Mapping Substandard Housing with Philadelphia’s License and Inspection Data

Mapping Substandard Housing with Philadelphia’s License and Inspection Data


Now in its fourth year, Azavea’s Summer of Maps Program has become an important resource for non-profits and student GIS analysts alike.  Non-profits receive pro bono spatial analysis work that can enhance their organizational decision-making processes and programmatic activities, while students benefit from Azavea mentors’ expertise.   This year, three fellows worked on projects for six organizations that spanned a variety of topics and geographic regions.  This blog series documents some of their accomplishments and challenges during their fellowship.  Our 2015 sponsors Esri, Temple University Geography and Urban Professional Masters Studies Program and Betsy and Jesse Fink helped make this program possible.  For more information about the program, please visit the Summer of Maps website.

As part of Azavea’s Summer of Maps program, I worked with the Legal Clinic for the Disabled, a pro bono legal organization that serves low-income individuals with disabilities in the greater Philadelphia area. The Legal Clinic for the Disabled (LCD) wanted to compare their client intake records with publicly-available geographic data in ways that would inform their future intake and services.

LCD was particularly interested in the relationship between poverty, disability, and unsafe housing conditions. They had every right to be: a 2014 report shows that people with disabilities face enormous challenges in the search for affordable and accessible housing. Individuals living on disability payments alone are priced out of the rental market in almost all major cities. This  means that if they do find an affordable place to live, they may have less leverage against a negligent landlord. Poor housing conditions may also increase the likelihood of developing a disability: researchers at the Cincinnati Children’s Hospital Medical Center found a positive correlation between the density of housing violations and the number of childhood asthma cases in an area. If LCD could identify links between clusters of substandard housing and clusters of disability in Philadelphia, they could advocate for improved housing conditions in those specific clusters or even use the links as evidence in a legal case.

Philadelphia is fortunate to have an enormous source of publicly-available housing data at its fingertips: the Licenses and Inspections data set, which covers all housing permits and code violations within the city, can be viewed for free online. Currently, this data can be accessed by using the Licenses and Inspections API, or through the friendlier License to Inspect tool. However, the API (application programming interface) only allows users to view a maximum of 1,000 records at a time, while License to Inspect offers no way to directly view housing violations. I needed all of the violations and their details in my own database for statistical analysis.

I built a web scraper using the Python programming language to extract all of the violations from the Licenses and Inspections API into a single comma-separated values (CSV) document. In all, I extracted 1,079,788 violation records.
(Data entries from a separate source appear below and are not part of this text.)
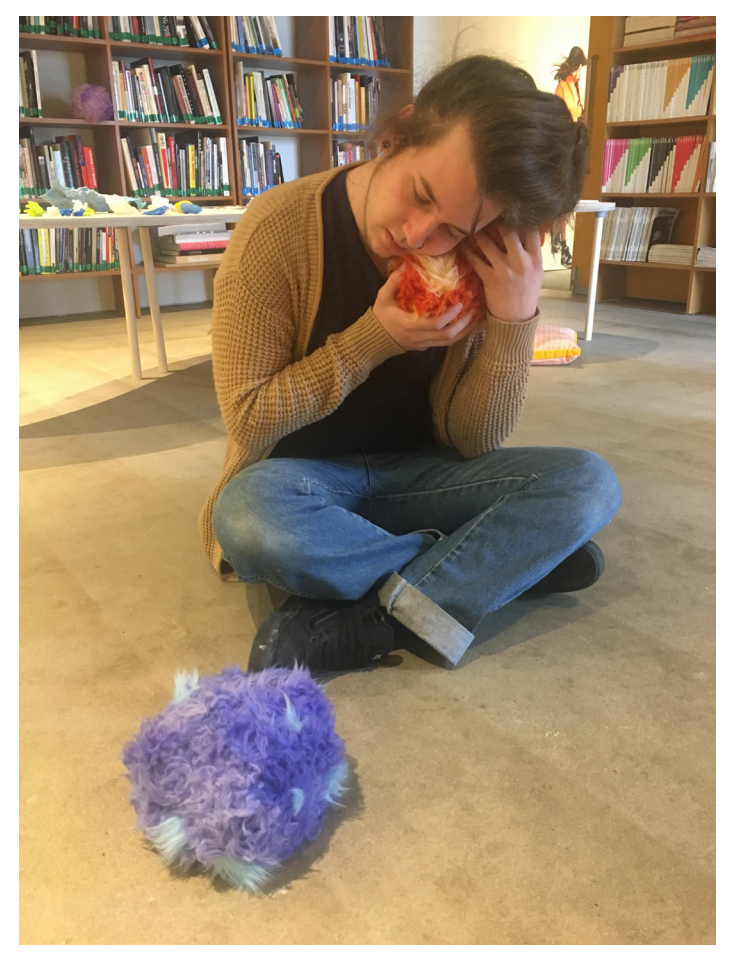
figure 1: Soft Spots on the shelves of H&R Bloch Artspace
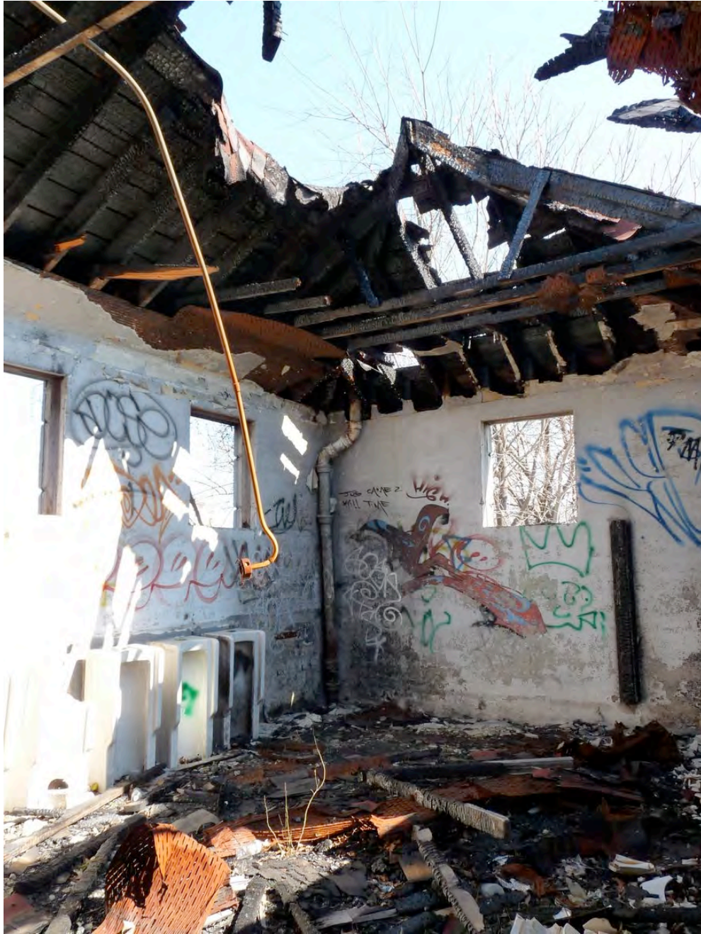
Figure 4.8 View of former restroom, showing the extent of deterioration and vandalism
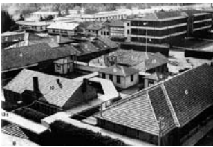
RAN Hospital HMAS Cerberus, 1940s.
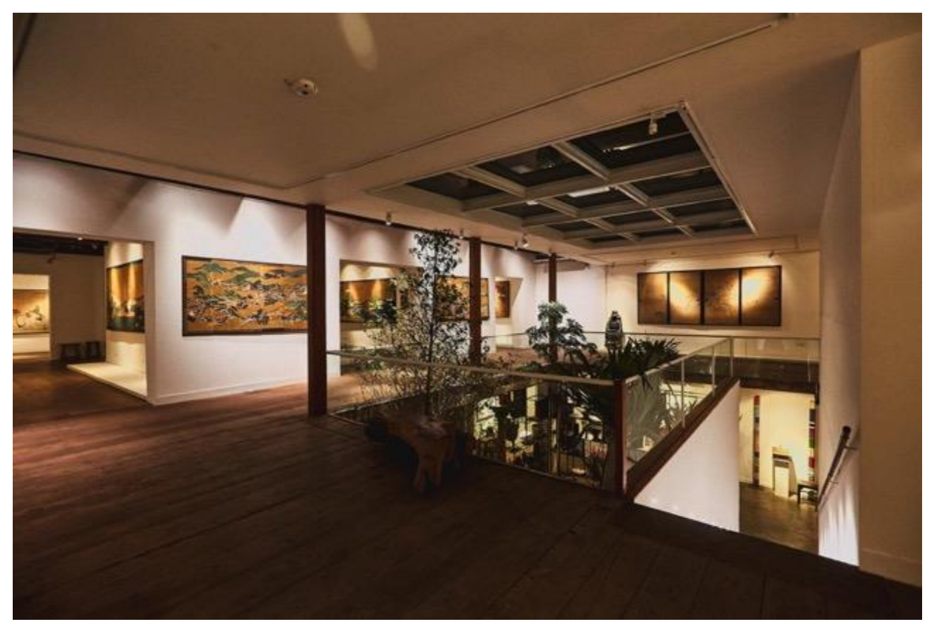
The gallery offers a platform for young, emerging talent.
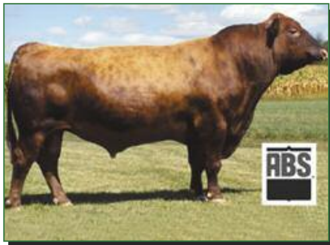
LCC ABOVE & BEYOND 1300J • SIRE OF LOT 104

Dutchess 6150 is AI to the fast rising Nebula P093 bull. Be the first to have a calf by this sure fire superstar
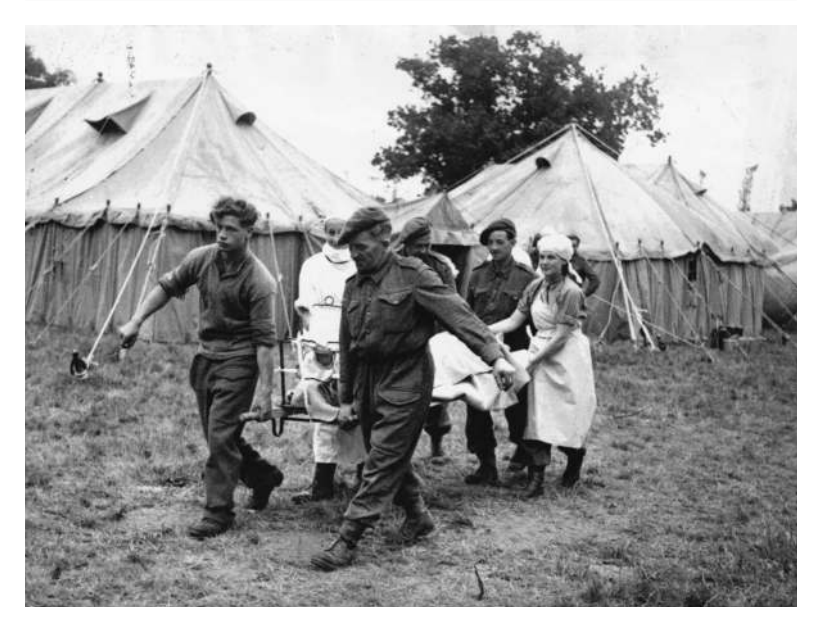
8 Italy. Sisters and RAMC orderlies carrying out a patient. This image reveals the collegiality between different members of the medical team. Such relationships were essential for successful patient care in active service conditions.

(the instrument used for taking blood pressures) and the monitoring of intravenous infusions in the inter-war period – doctors were pleased to hand over this now mundane work.<sup>26</sup> However, on active service overseas nurses were required not only to take over technologies from their medical colleagues<sup>27</sup> but also to develop skills with new technologies alongside doctors, thus shifting the balance from learning 'from' the medical profession to learning 'with' medical colleagues.
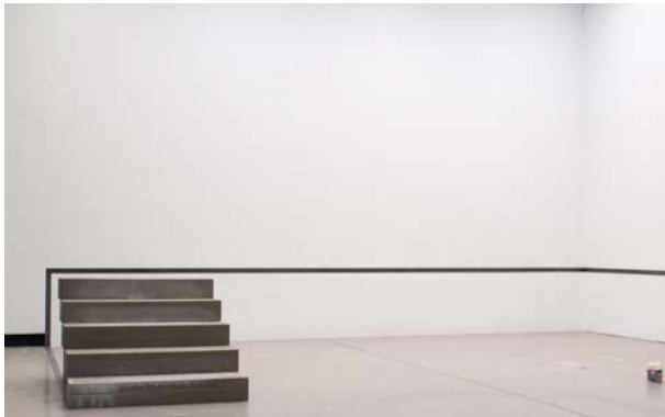
Exhibition view WKV 2023

Installation with concrete stair treads, metal strips on wall, a floor drawing, and a photograph
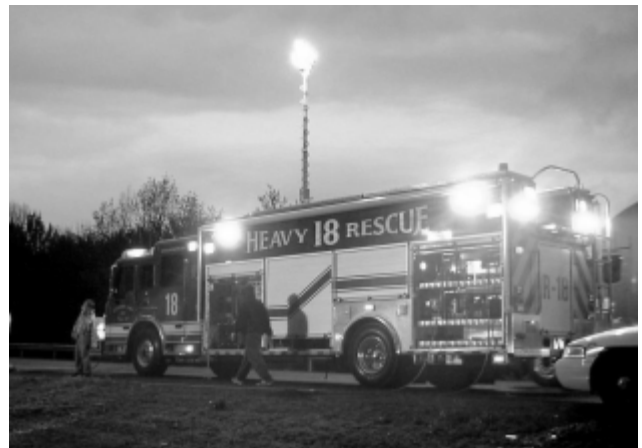
Clifford's newly commissioned Heavy Rescue 18 vehicle at an I-81 accident scene.
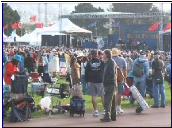
Annual San Francisco Blues Festival in Fort Mason.
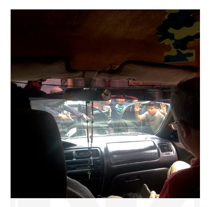
Ill. 4. San Salvador (El Salvador). Violence in the historic centre

The distribution of work and wealth has become increasingly complicated and is the main cause of the exponential growth of social exclusion and poverty levels – that still affect practically all the states of Latin America, where the proportion of the population that is in poverty or even of indigence increases with the same proportion of the spread of crime.
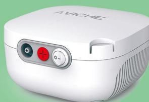
Designed For Family
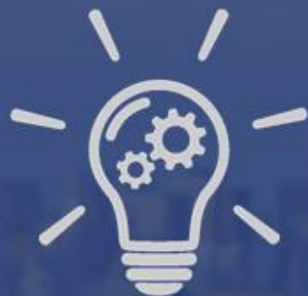
PowerPoint Design Concepts
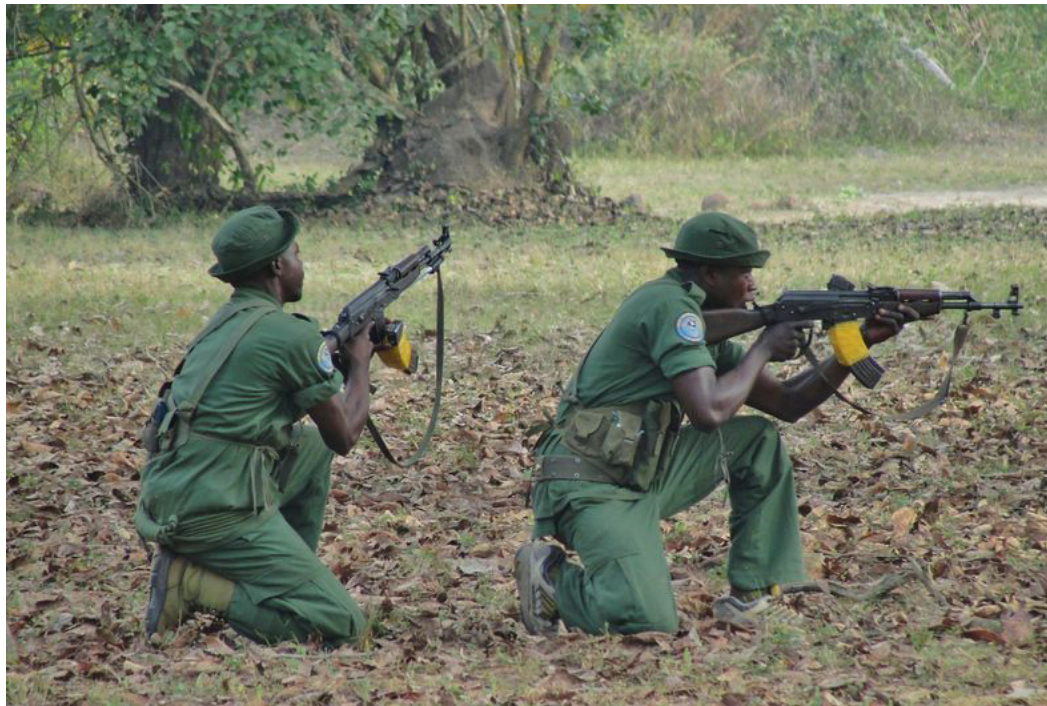
Garamba National Park rangers train to engage the LRA and other poachers in January 2013.

In addition, increased capacity to gather and share reports from the ground, combined with geospatial information, could improve ongoing efforts to predict the LRA's likely future movements and behaviors.
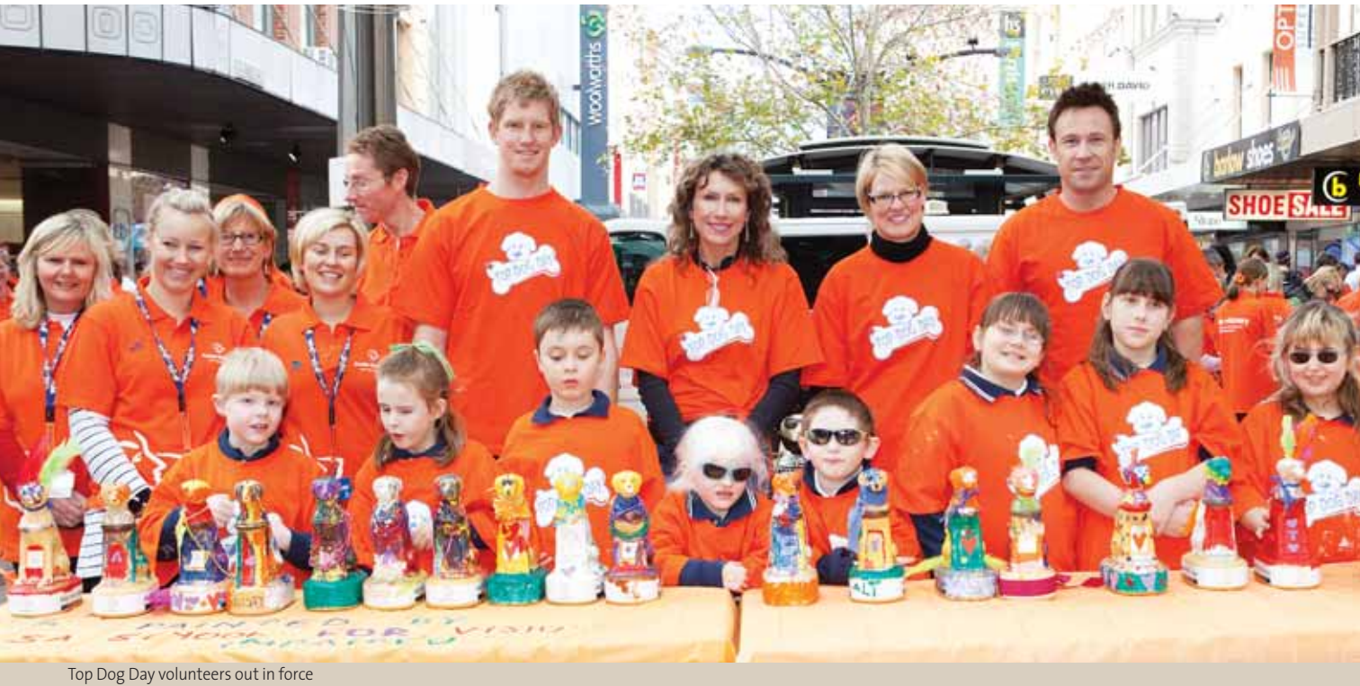
Top Dog Day volunteers out in force

Guide Dogs puppies are always guaranteed to attract a crowd – and our annual Top Dog Day 2010 was no exception.
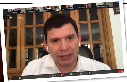
Our Christian senator
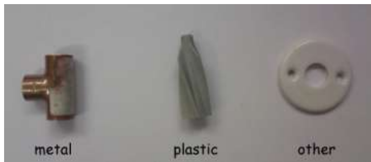
Figure 5: Triad 1 of objects, as viewed from the experimenters perspective, including description of the object that was metal, plastic and other material.
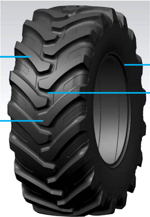
460/70R24 IND R-4

★ Lower Wear : Big lugs on the center ,improve tire contact areas, reduce the tread crown wear.
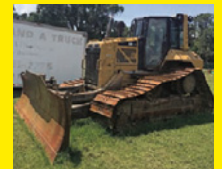
2012 CAT D6NLGP SN:PBA00539 powered by Cat diesel engine, equipped with EROPS, air, 6 way blade, drawbar.
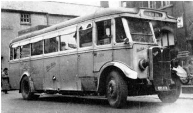
ex-Blue Belle GO 119 (B24) with original London Lorries C32R bodywork in Agincourt Square, Monmouth.
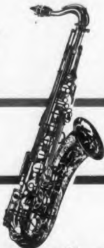
Buy the Selmer Super-Action Tenor and get $65 case at no extra cost!
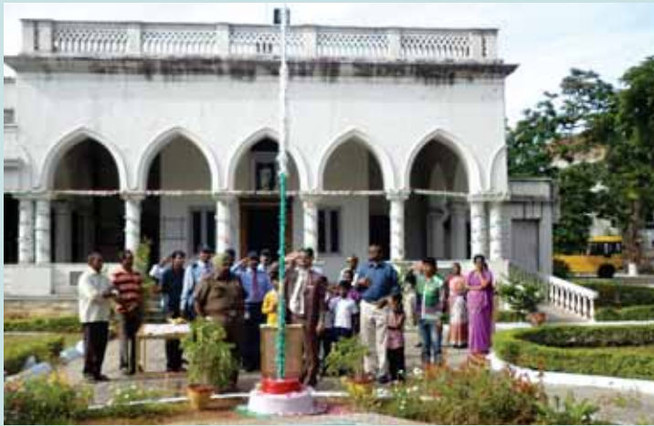
Independence day celebrations at Golden Threshold Campus, UoH
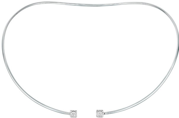
Le Cube Diamant small necklace, white gold and 2 diamonds
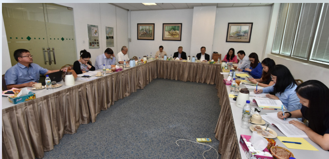
STA Training Sdn Bhd Board of Directors' Meeting No 2/2019
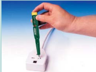
Voltage check in an outlet
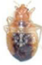
Third Stage Larva (2.5 mm long) Takes a blood meal then molts.
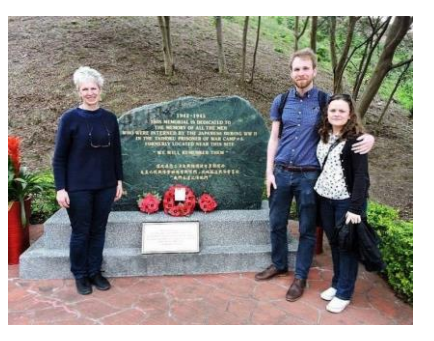
At Taihoku Camp 6 Memorial.

Time did not permit a visit to all three of Walter's camps, but they were able to see the Taihoku Camp 6 area and also spend a whole day visitina Kinkaseki and the POW Park. very It was а informative and
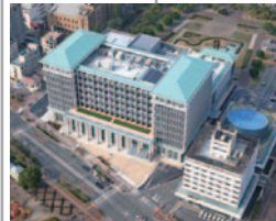
Completion of Kure City Hall (2015)
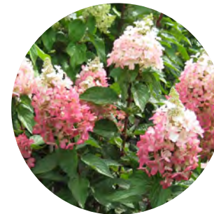
Hydrangea pan. Flare™

Suggested Sub: Spiraea Double Play Doozie®
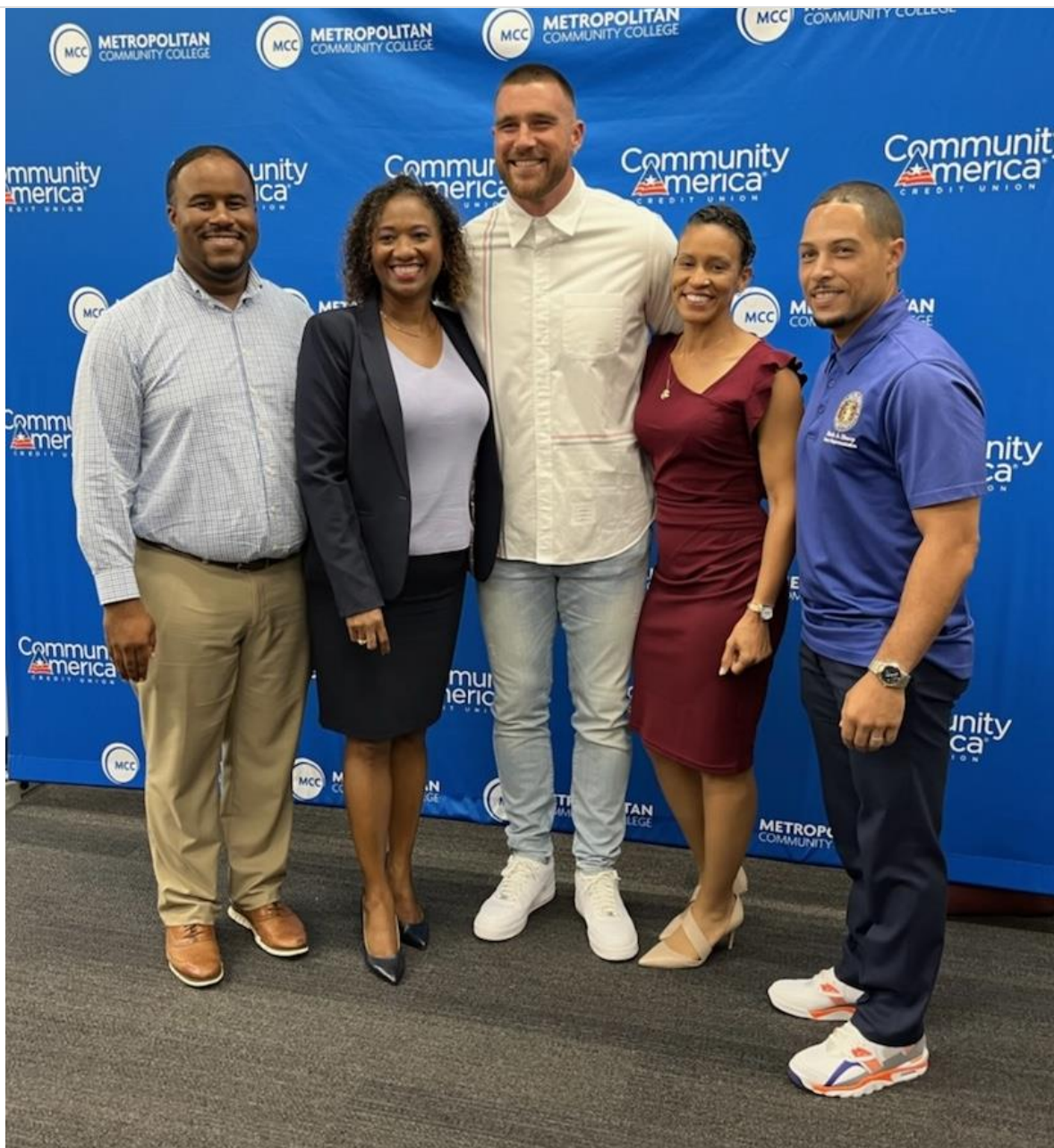
Area elected officials pose with Chiefs tight end Travis Kelce at the grand opening August 30th of CommunityAmerica Credit Union's Community Access Center at 11501 Blue Ridge Blvd. which includes classrooms for Metropolitan Community
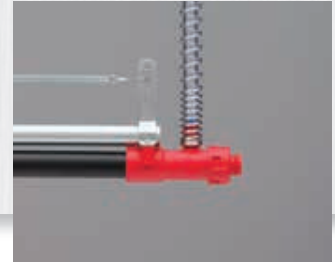
End Assembly Opens automatically during the flush mode for easy and effective flushing.
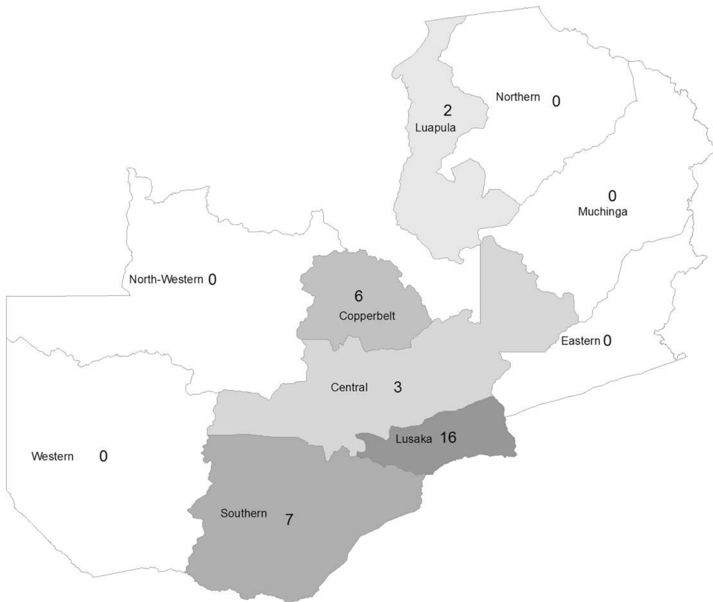
Fig 2. Research conducted in Zambian provinces.

https://doi.org/10.1371/journal.pone.0192327.g002
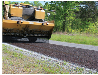
Slurry Pavers, Inc.

Six asphalt and three concrete pavement preservation treatments were discussed in depth (see Figures 1–9). All four states use chip seals and micro surfacing as asphalt preservation treatments. The next most commonly used treatments are ultrathin bonded wearing courses, CIR, and partial-depth repairs. Cape seals and scrub seals are not routinely used treatments for AC pavements. Precast full-depth repairs are used in high-density urban areas where access to local businesses is a concern and limited construction time is available.
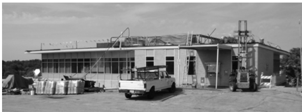
Roxboro City Hall in the Midst of Renovations

Roxboro's City Hall has been undergoing extensive renovations to replace the original roof
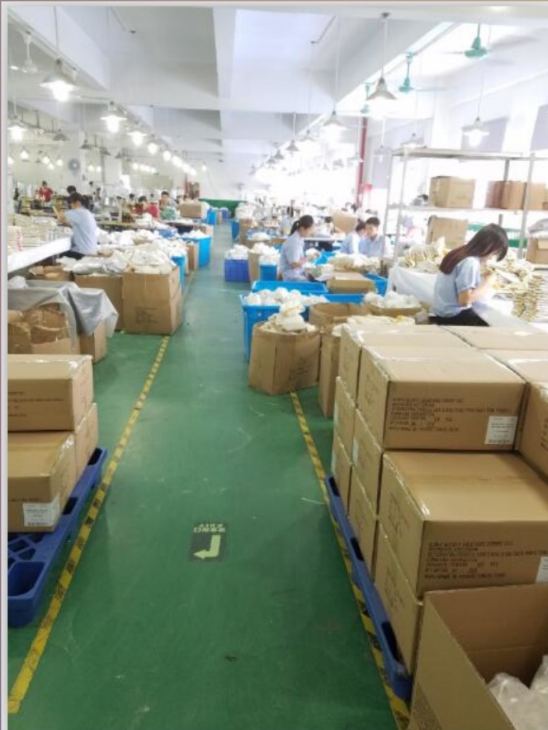
Stitching Dept 01

I identified 2,165 records erroneous and placed them in a separate file.  I placed the rest of the file on GitHub for anyone to download.

This map shows the density of all L&I violations in Philadelphia over a 10-year period, using a neighborhood radius of 500 meters:

Compare that to the following map, which shows the population density of city residents living under 150% of the poverty line:

Each record represents a single violation, which can be grouped by License and Inspection case or by location. The 1,077,623 valid records that I surveyed were grouped into 368,574 different cases and 157,350 different locations. That works out to an average of 7 violations per location, but there were some outliers: the top 0.1% of locations had an average of 141 violations each!

Violations and cases could also be broken down by a number of descriptive categories. For example, based on their threat to human safety, violations are given a priority from “Non-Hazardous” (less severe) to “Imminently Dangerous” (the structure might actually fall). Here is the breakdown for the violations I extracted:

Non-Hazardous                       81.0%
Construction Services            5.2%
Unsafe                                    2.9%
Hazard                                    9.4%
Imminently Dangerous           1.2%

And finally, in case you’re concerned about the “Imminently Dangerous” designation, here’s a density map showing only those violations:

Housing justice is vital not just to LCD’s mission, but to many nonprofits and advocacy groups in Philadelphia. Hopefully, this collection Licenses and Inspections data will allow more groups to better understand housing conditions throughout the city.